I have a lab data analysis challenge which I think can be viewed as a kind of reliability analysis problem.
Imagine a warehouse is filled with light bulbs that were installed at some unknown times in the past. These have operated up to the present time from whenever they were installed. Now at some time $t=0$ we start recording the failure times of bulbs in the warehouse. After many of the bulbs burn out, we find the statistical distribution of the failure times $P(t)$.
This $P(t)$ obviously does not represent the actual lifetime distribution of the bulbs. It is only a proxy for it, and its mean will only be a lower bound for the actual mean lifetime. But assuming that the installation times of the bulbs are randomized, is it possible to infer the actual lifetime distribution $Q(t)$ of the bulbs?
Relating to this I wonder (1) is there a relationship between $P(t)$ and $Q(t)$, and (2) is this a common problem in reliability analysis? Any key words I might search to find references on this topic would be helpful.

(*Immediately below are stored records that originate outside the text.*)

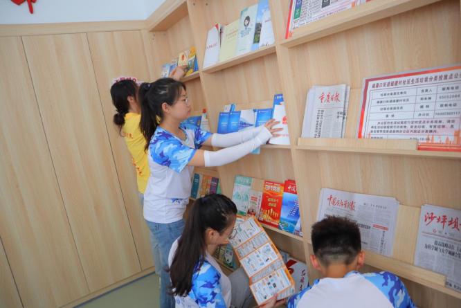 (图为志愿帮忙整理科普书籍和读物。 姚雨婷 供图)
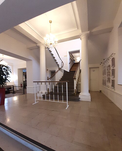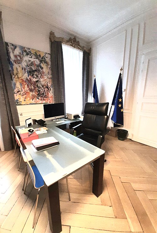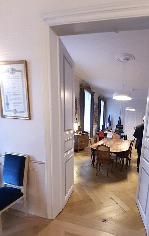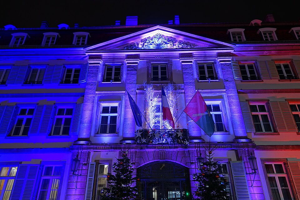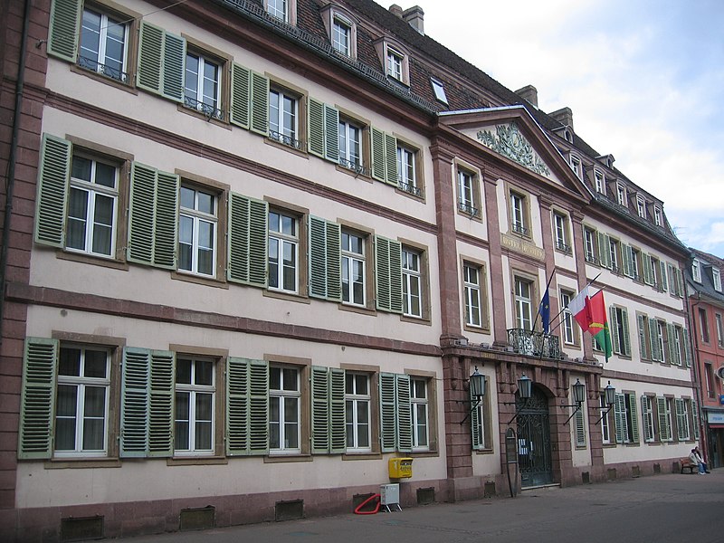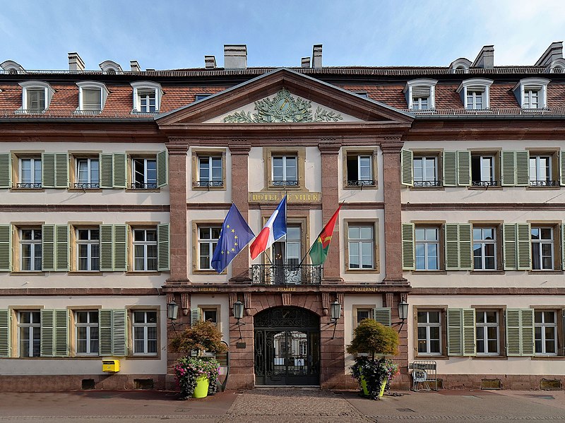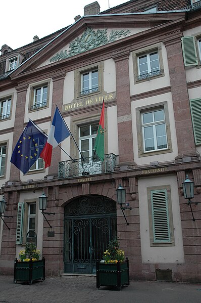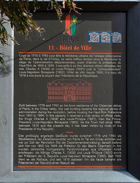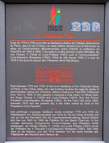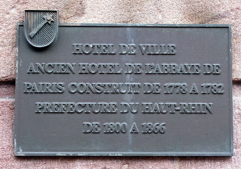 L'hôtel de ville de Colmar, situé 48 rue des Clefs dans le Haut-Rhin, occupe un site investi depuis la seconde moitié du XVIe siècle par la Cour de l'abbaye cistercienne de Pairis. Les anciens bâtiments furent démolis en 1778 et remplacés par l'édifice actuel, construit entre 1779 et 1782 et attribué à l'abbaye de Pairis. Déclaré bien national après 1789, il accueillit l'administration départementale en 1790, la préfecture du Haut-Rhin en 1800 et abrite la mairie depuis 1866. La façade principale est inscrite au titre des monuments historiques depuis le 18 juin 1929. De style néo-classique, le bâtiment présente deux étages surmontés d'une toiture à comble brisé et une façade relativement simple dont le décor se concentre sur l'avant-corps central légèrement en saillie. Au rez-de-chaussée, la porte d'entrée, encadrée de deux fenêtres, est bordée de chaînes de pierres taillées ; un entablement, soutenu par quatre paires de consoles, sépare le rez-de-chaussée du premier étage. Quatre pilastres lisses, pris sur cet entablement, montent jusqu'au sommet des étages et l'avant-corps est couronné d'un fronton triangulaire dont le tympan porte les armes de la Ville, sculptées. Au premier étage, la fenêtre centrale ouvre sur un petit balcon en fer forgé encadré par les pilastres médiaux.
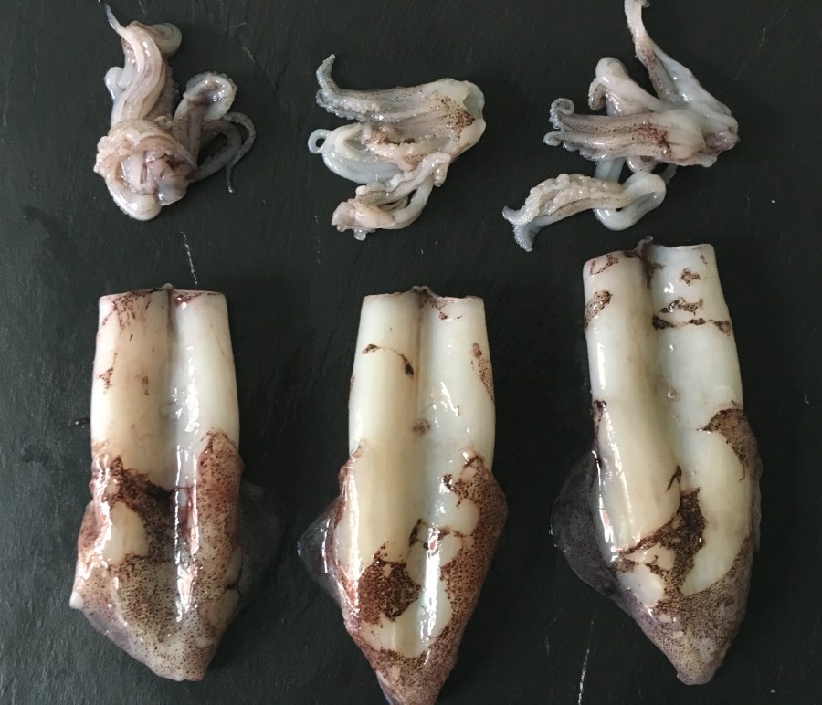 Chipirones rellenos en su tinta.
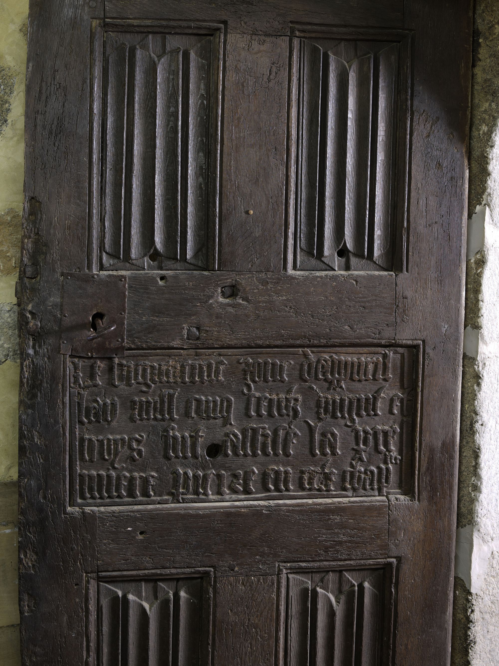 Berhet, Confort : chapelle Notre-Dame de Confort, vue de la porte de la sacristie, détail des inscriptionsImmatriculation
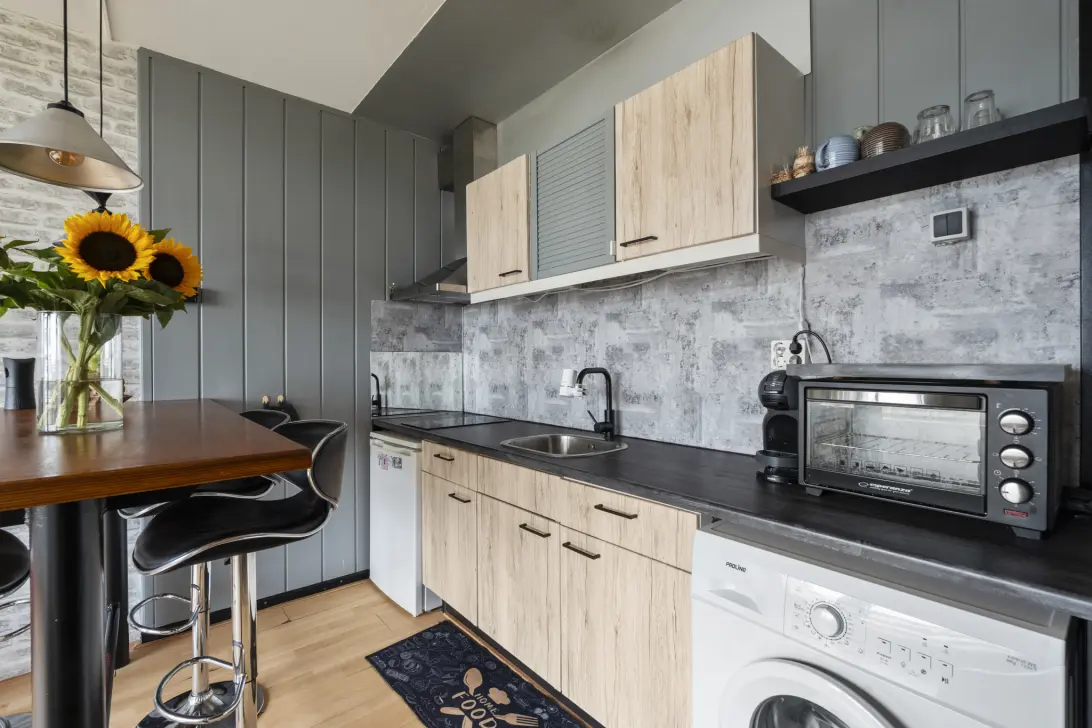 Met een slimme indeling is het studioappartement in te delen met een zithoek, eettafel, een grote (garderobe)kast en een slaapgedeelte. Er ligt laminaat op de vloer, de wandafwerking is fraai en via de ramen aan de zuidkant valt veel licht naar binnen. In de keuken staat een wandopstelling met een kookplaat en een afzuigkap.
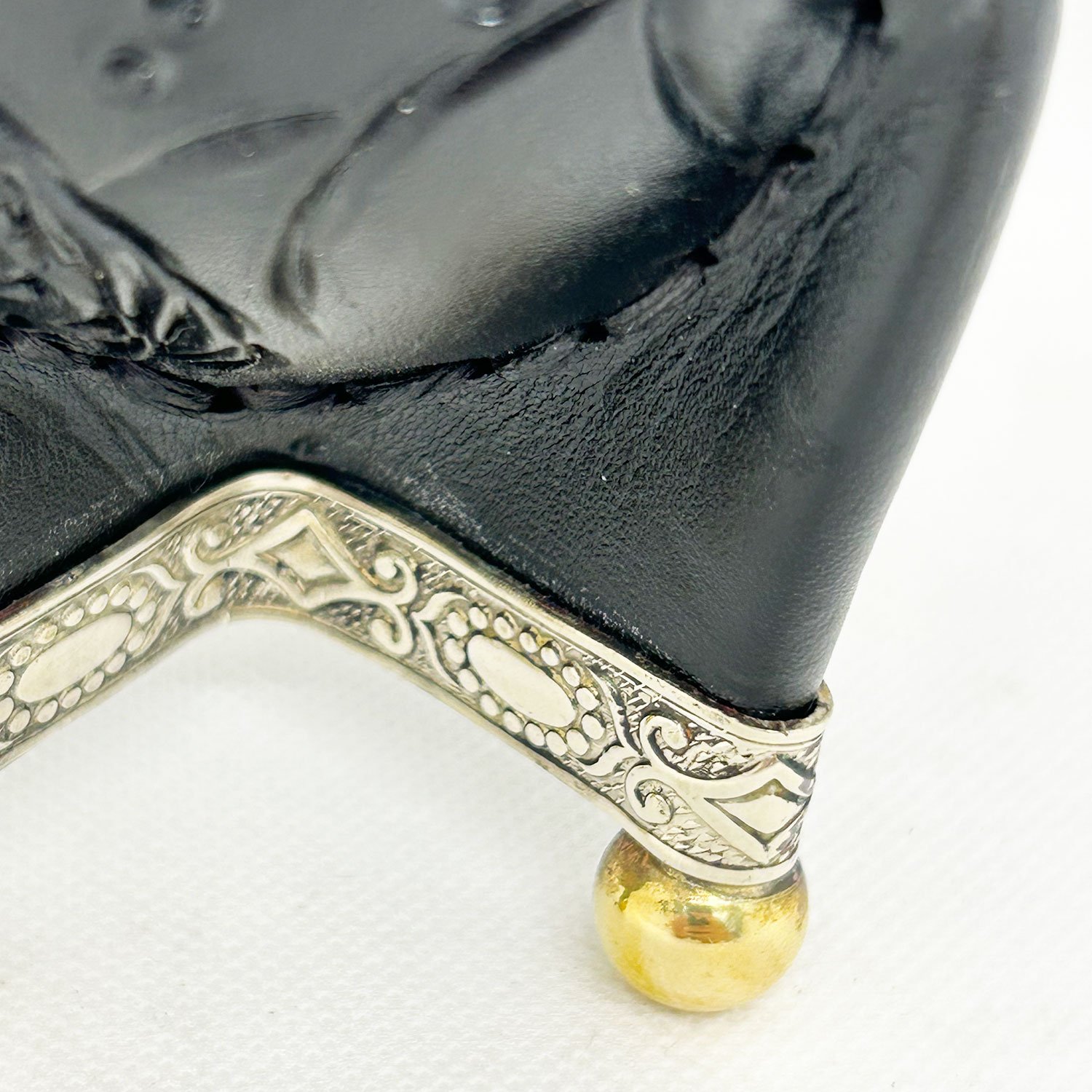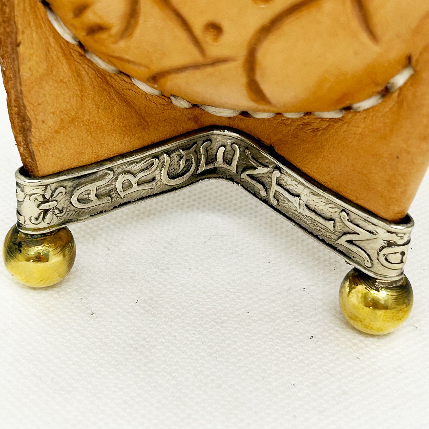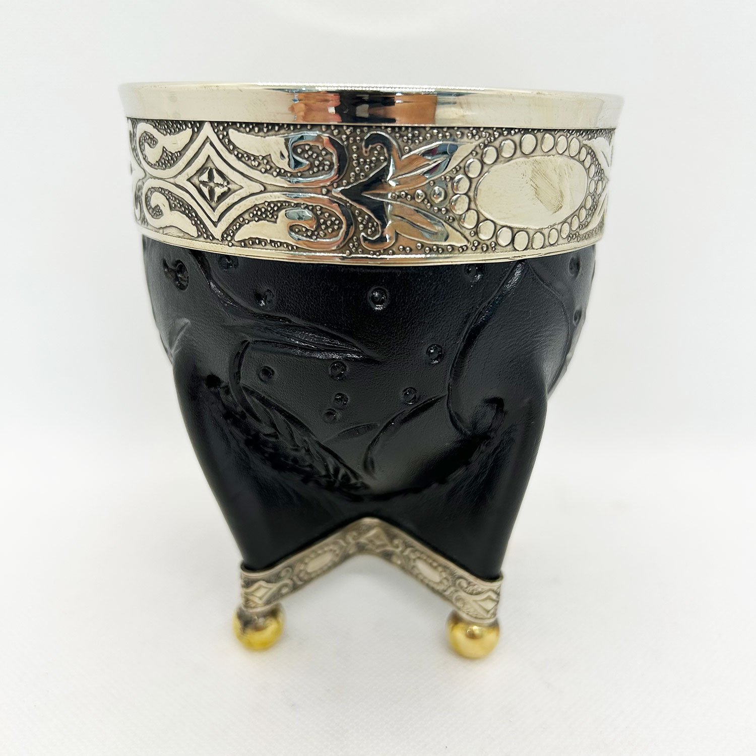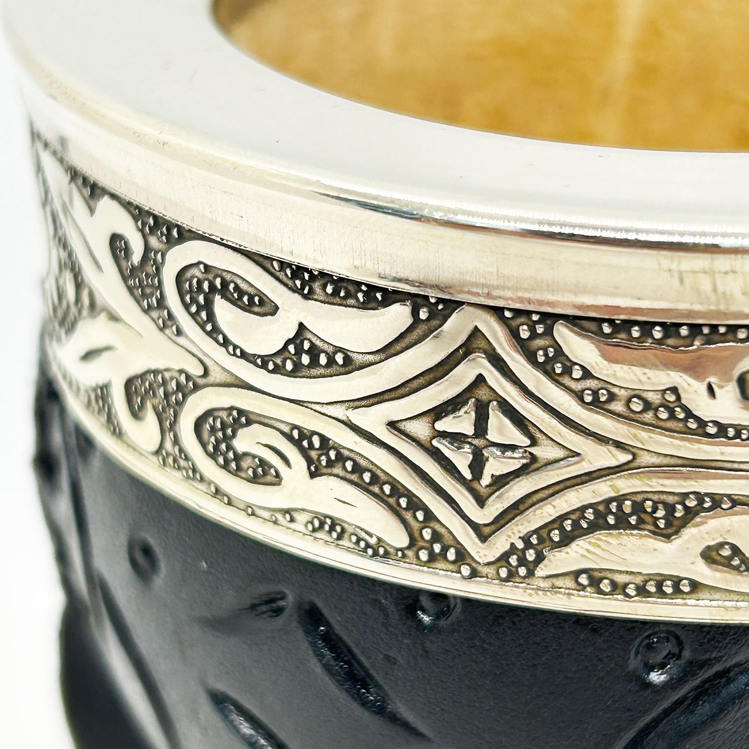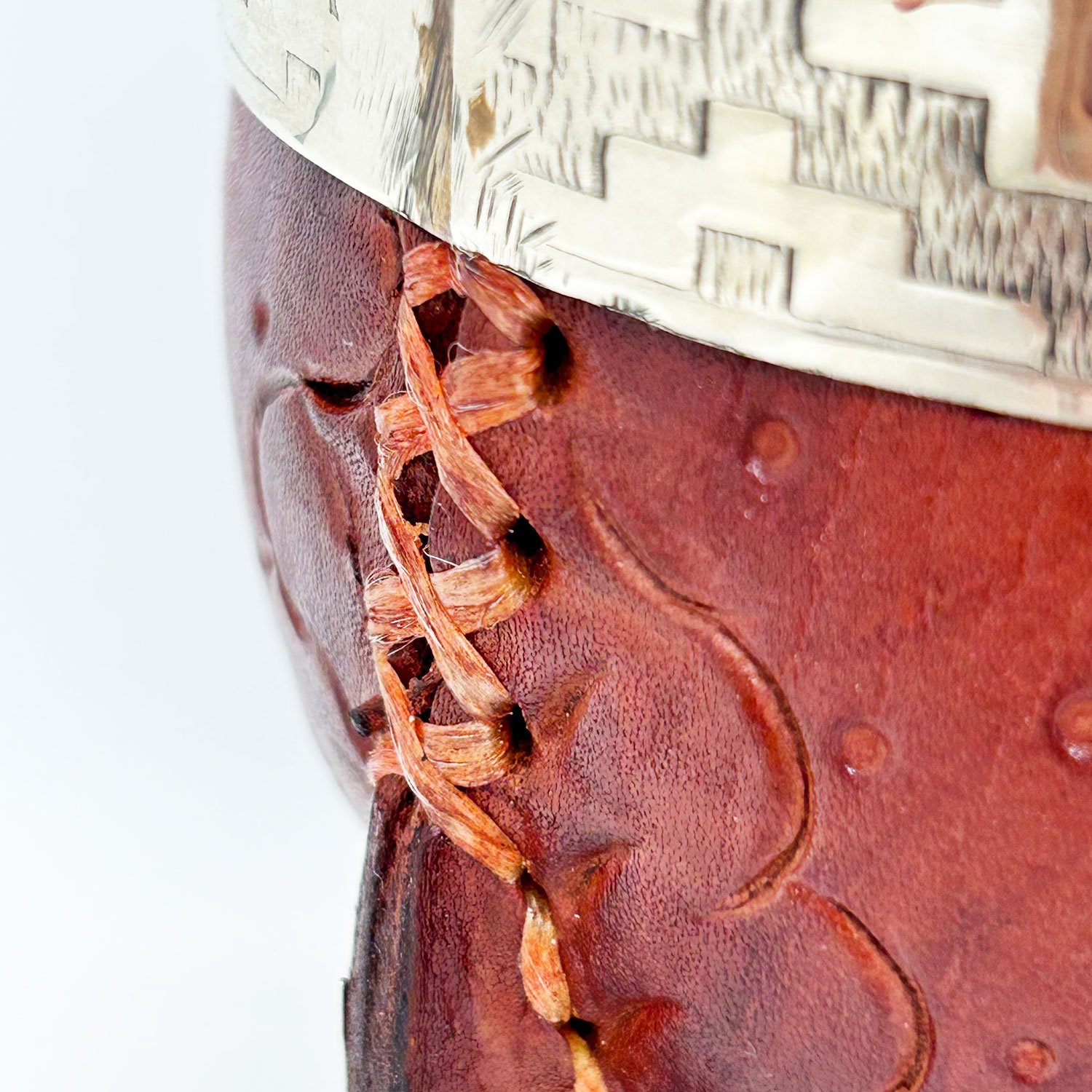 Calabaza gruesa, forrado en cuero legítimo labrado, costura cruzada, virola de alpaca con refuerzo de alpaca y bolitas de bronce.

Some thoughts: If the distribution of installation times (i.e., the length of time in the past from $t=0$ when each bulb was installed) is $U(\tau)$, while the censored lifetimes $t$ we measure are distributed as $P(t)$, we should have $t' = t- \tau $ as the real lifetimes distributed as $Q(t')$. Therefore if the installation times are independent of the lifetimes, we have that the distribution $Q(t')$ is the distribution of the difference of $t$ and $\tau$: $$ Q(t') = \int_0^\infty \int_0^\infty U(\tau)P(t)\delta(t'-[t-\tau])d\tau dt. $$ But what is $U$ ? And shouldn't it be related to $Q(t)$?